Many retirees have shifted their focus from fixed income to equity dividends to avoid these risks. Unfortunately, the search for yield has stretched the valuations of top-paying dividend sectors, like utilities and energy companies. Real estate investment trusts, or REITs, and other dividend-paying sectors have also become expensive in recent years.
Principal & Capital Gains
The lack of interest and dividend income has come amid a sharp rise in the S&P 500’s performance since the market bottom in 2009. In fact, the S&P 500 returned 31.5% in 2019 and 18.4% in 2020 compared to a long-term average of 9.6% since its inception. Retirees focused solely on interest, and dividends may have missed out on these big moves.
That said, the S&P 500 has historically bounced back from sharp declines.
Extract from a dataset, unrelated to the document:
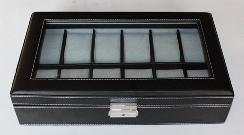ELEGANT 12 PIECE BLACK LEATHERETTE WATCH GLASS TOP DISPLAY CASE Review B004AQE5S8

The index posted a 28.7% gain in 2003 and a 26.4% gain in 2008. Retirees relying on a drawdown of principal may experience some sharp losses, but the subsequent rebounds could be enough to sustain the entire portfolio over the long-term assuming they are well diversified.
Adjusting to Today’s Market
That said, some advice may need to be adjusted given the current environment. A retirement portfolio following the 60/40 strategy – or 60% equities and 40% bonds – could see limited income from bonds and a steep decline in the portfolio’s value if yields rise. These investors may want to consider making some changes to de-risk their portfolio.
Municipal bonds, convertible bonds and preferred stocks may provide less risky after-tax income, while a diversified portfolio of dividend stocks can boost equity-related income. While chasing higher yields from riskier issuers may boost income, risk-adjusted returns could suffer if these issuers start to default in a rising rate environment.
Don’t forget to explore our Portfolio Management channel to learn about different ways to rebalance your portfolio.
The Bottom Line
At the same time, investors should review their asset allocations to ensure that they are appropriately balancing these four sources of income while being mindful of the current market dynamics.